What you have listed seems ok. You may need some supporting hardware, but you could get those when the need arises. Some advice, get one thing working, then start adding other functions. Get the Xbees talking, then get them to send temp and humidity readings and so on. Then you can start adding WiFi functionality.
Since the ESP8266 can be programmed as if it is an Arduino in the IDE, and can communicate to an Xbee over serial UART and to wifi/the internet, I don’t see the need for an UNO R3. Ofcourse, the Arduinos are a bit more developed and community supported than the recent ESP8266. As a beginner that can matter more in getting started and solving issues you may encounter.
Valen:
Since the ESP8266 can be programmed as if it is an Arduino in the IDE, and can communicate to an Xbee over serial UART and to wifi/the internet, I don’t see the need for an UNO R3. Ofcourse, the Arduinos are a bit more developed and community supported than the recent ESP8266. As a beginner that can matter more in getting started and solving issues you may encounter.
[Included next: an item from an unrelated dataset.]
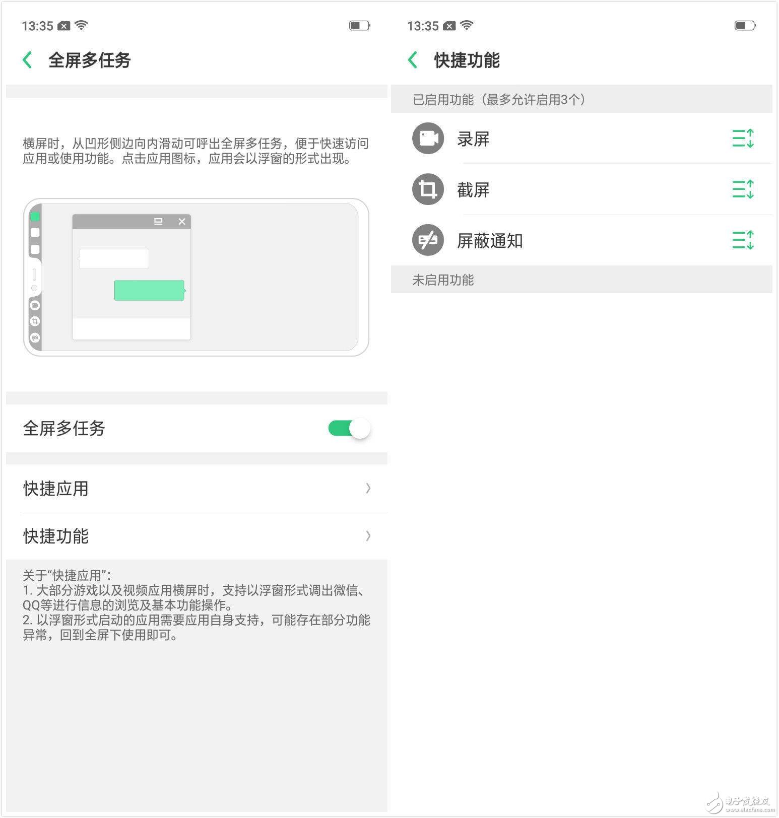 全屏多任務(wù)比較有意思,它指的是手機在橫屏模式下,在屏幕“齊劉?!鄙舷聝蓧K的“兔耳朵”區(qū)域顯示 3 個常用 app 和 3 個常用操作(默認是錄屏、截屏、屏蔽橫屏通知),在游戲時比較實用。

Thanks Valen for that tip. Looking more into the ESP8266 based product, I found the NodeMCU project based on LUA scripting language that looks super interesting and cost nothing!
I will be ordering some to start playing around. https://github.com/nodemcu/nodemcu-firmware even have a MQTT broker example, which is one thing I want to play with to connect to LwM2M device managers platforms.
My goal is to have sensors nodes outside of my WiFi range, connected through a mesh based on ZigBee, where one node would be connected to WiFi or 3G/4G to push/pull MQTT to LwM2M-DM server nodes.
Thoughts and recommendation on which module would be best for that?
Another question is, can I mix in the mesh network, some low power modules and high power modules for longer range sensor nodes?